▶ [Work required]: The required result is an exact copy of every line from the one with "Pearl Tear Drop" through the last line below, with the pictures left out.

#### Exercise inputs ####

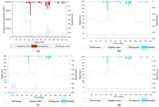 The model was verified with R2 = 0.83 and simulation results are shown in Figure 4. During 50% reduction, the fourth block cannot have sufficient water for the target depth during survival period; however, it obtains the target depth on the 34th day tillering stage. The depth of the fifth block reached below the saturated soil moisture on the 6th day from transplanting due to the shortage of water to the 31st day. On the 21st day, the field storage becomes lower than the field capacity (FC), and the vertical percolation stops. On the 29th day, the field storage becomes much lower and reaches the wilting point (WP), stopping evapotranspiration.
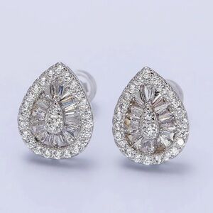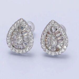 Pearl Tear Drop Sparkle Shinny white gold plated CZ New
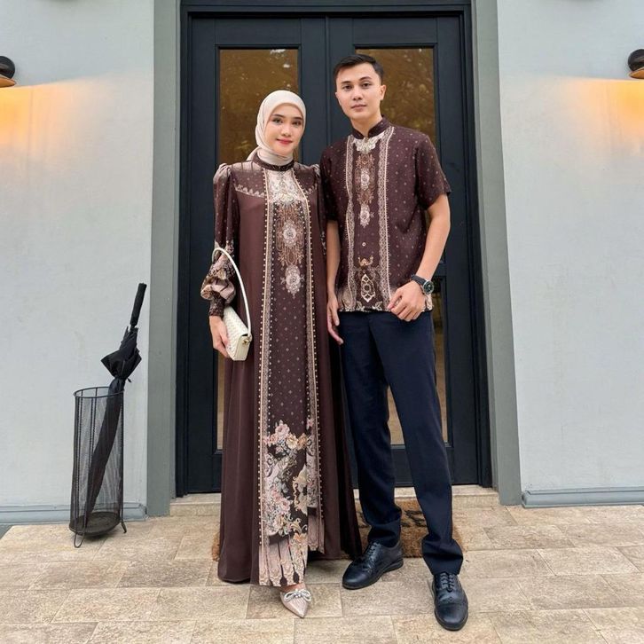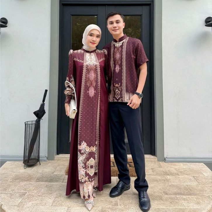 Gamis Lebaran Couple Sarimbit Kayrina Baju Muslim Kondangan Motif Printing
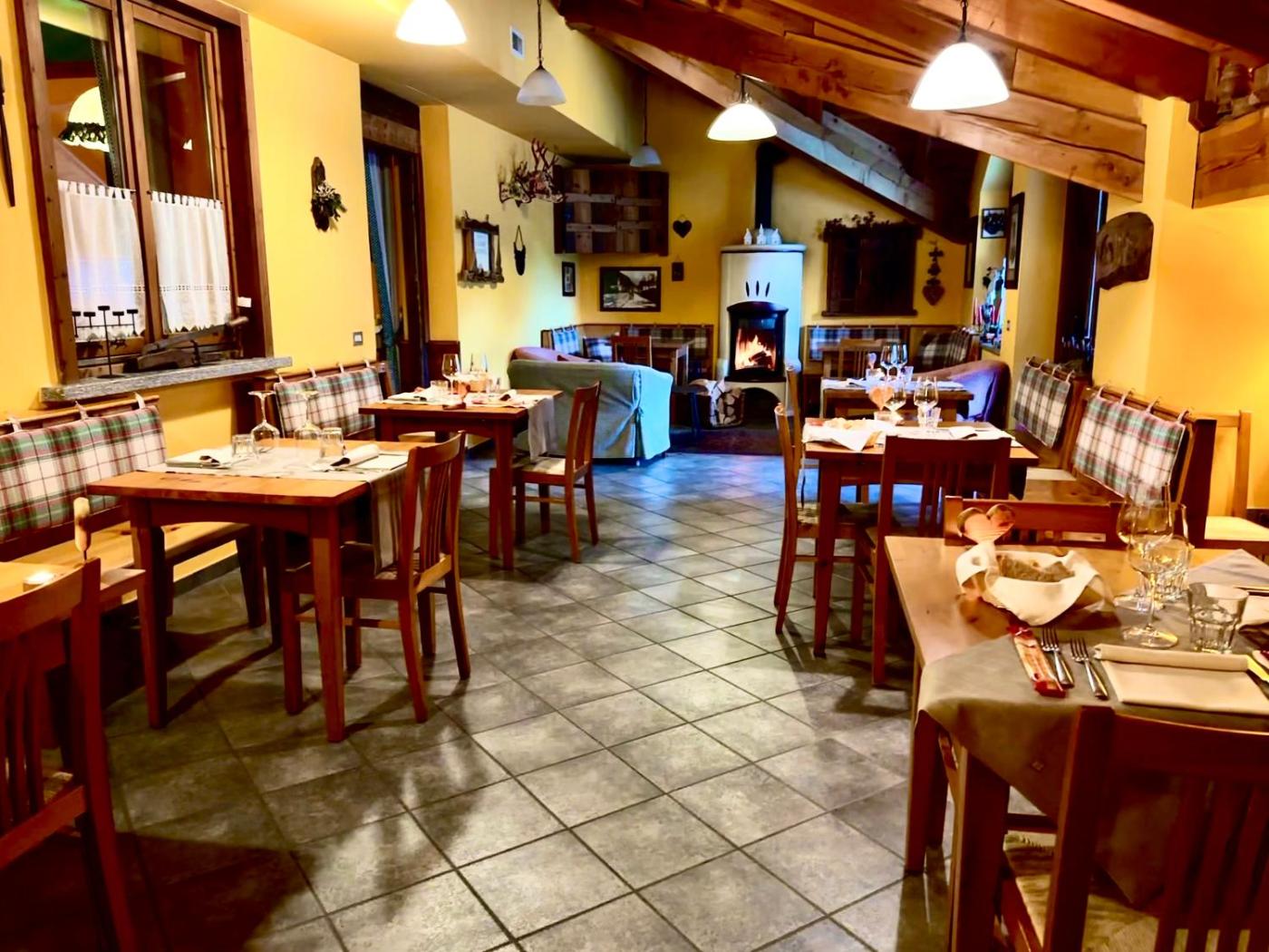 Il ristorante del Le Lievre serve una ricca colazione a buffet. Il ristorante serve piatti tipici valdostani, serviti in costume locale.
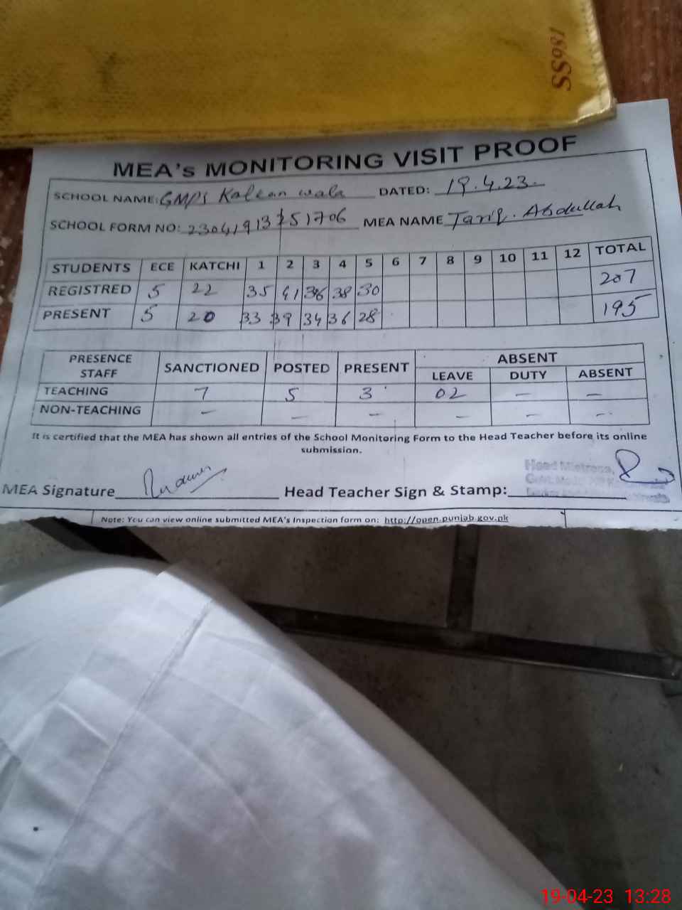 | Attendance Register | Head Teacher | MEA with School | Visit Proof |
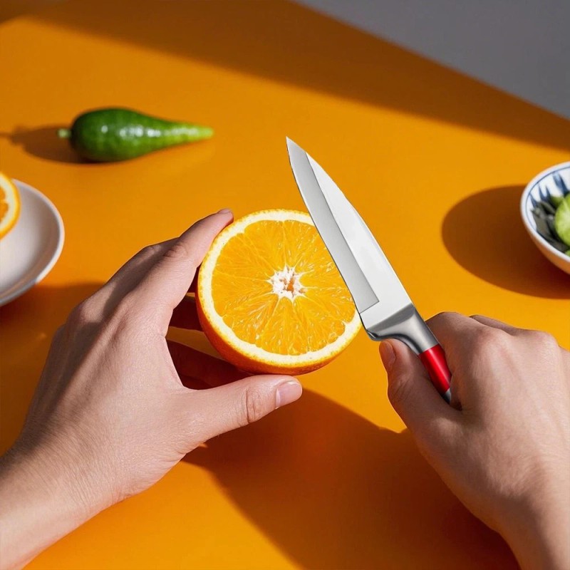 High quality kitchen knife set: The red kitchen knife is made of high-quality stainless steel, which has excellent corrosion resistance and oxidation resistance, ensuring that the kitchen knife set is not easy to rust. At the same time, the appearance of fashionable and high face value is very eye-catching
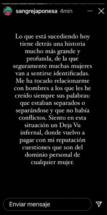 “Una repetición que deja a la luz mi inexperiencia y, sobre todo, profunda credibilidad que le di a estos hombres, que luego guardaron silencio dejando que me comieran los lobos. Parece que es más creíble para esta sociedad, sabiendo cómo se manejan ellos siempre, que yo sea la mala, la que engaña y no la engañada”.
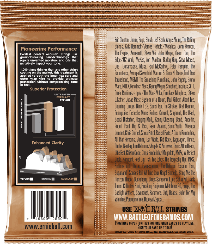 Ernie Ball 2550 Acoustiques Everlast Coated Phosphor Bronze Extra light 10/50 - Image n°3
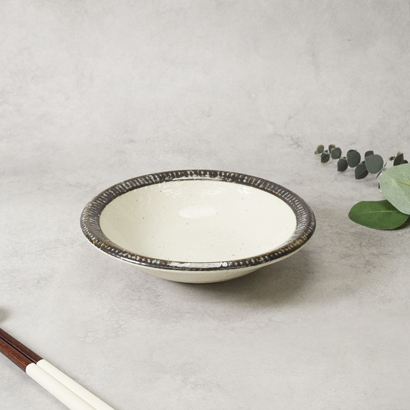 商品説明 白磁の地に黒の渕十草模様を丁寧にあしらった中鉢です。 直径17.5cmのサイズ感は、煮物鉢として深みある一皿に、あるいはサラダ・ヨーグルト・スープ・デザートなど多用途に使えます。 商品詳細 素材/磁器 質感/つややか 生産地/日本(美濃焼) 電子レンジ・食洗機可 オーブン・直火不可 ※サイズは全て外寸になります。 ※サイズ・重さなどは商品により誤差があります。 ご注意 ※鉄粉(茶色い点・黒い点)やピンホール(小さな穴)、ボロ(小さな突起)が見られる場合がございます。 ※柄に濃淡が見られる場合がございます。 ※釉薬の垂れ・濃淡・剥げ・ムラ・溜まり等が見られる場合がございます。 ※色飛びが見られる場合がございます。 ※お客様のお使いのモニター設定、お部屋の照明等により実際の商品と色味が異なって見える場合がございます。 ※画像に含まれる小物は使用イメージのために使用しています。 ※不明な点がございましたら、お気軽にお問い合わせ下さい。

####

▶ [Solution below]:
 Pearl Tear Drop Sparkle Shinny white gold plated CZ New
 Gamis Lebaran Couple Sarimbit Kayrina Baju Muslim Kondangan Motif Printing
 Il ristorante del Le Lievre serve una ricca colazione a buffet. Il ristorante serve piatti tipici valdostani, serviti in costume locale.
 | Attendance Register | Head Teacher | MEA with School | Visit Proof |
 High quality kitchen knife set: The red kitchen knife is made of high-quality stainless steel, which has excellent corrosion resistance and oxidation resistance, ensuring that the kitchen knife set is not easy to rust. At the same time, the appearance of fashionable and high face value is very eye-catching
 “Una repetición que deja a la luz mi inexperiencia y, sobre todo, profunda credibilidad que le di a estos hombres, que luego guardaron silencio dejando que me comieran los lobos. Parece que es más creíble para esta sociedad, sabiendo cómo se manejan ellos siempre, que yo sea la mala, la que engaña y no la engañada”.
 Ernie Ball 2550 Acoustiques Everlast Coated Phosphor Bronze Extra light 10/50 - Image n°3
 商品説明 白磁の地に黒の渕十草模様を丁寧にあしらった中鉢です。 直径17.5cmのサイズ感は、煮物鉢として深みある一皿に、あるいはサラダ・ヨーグルト・スープ・デザートなど多用途に使えます。 商品詳細 素材/磁器 質感/つややか 生産地/日本(美濃焼) 電子レンジ・食洗機可 オーブン・直火不可 ※サイズは全て外寸になります。 ※サイズ・重さなどは商品により誤差があります。 ご注意 ※鉄粉(茶色い点・黒い点)やピンホール(小さな穴)、ボロ(小さな突起)が見られる場合がございます。 ※柄に濃淡が見られる場合がございます。 ※釉薬の垂れ・濃淡・剥げ・ムラ・溜まり等が見られる場合がございます。 ※色飛びが見られる場合がございます。 ※お客様のお使いのモニター設定、お部屋の照明等により実際の商品と色味が異なって見える場合がございます。 ※画像に含まれる小物は使用イメージのために使用しています。 ※不明な点がございましたら、お気軽にお問い合わせ下さい。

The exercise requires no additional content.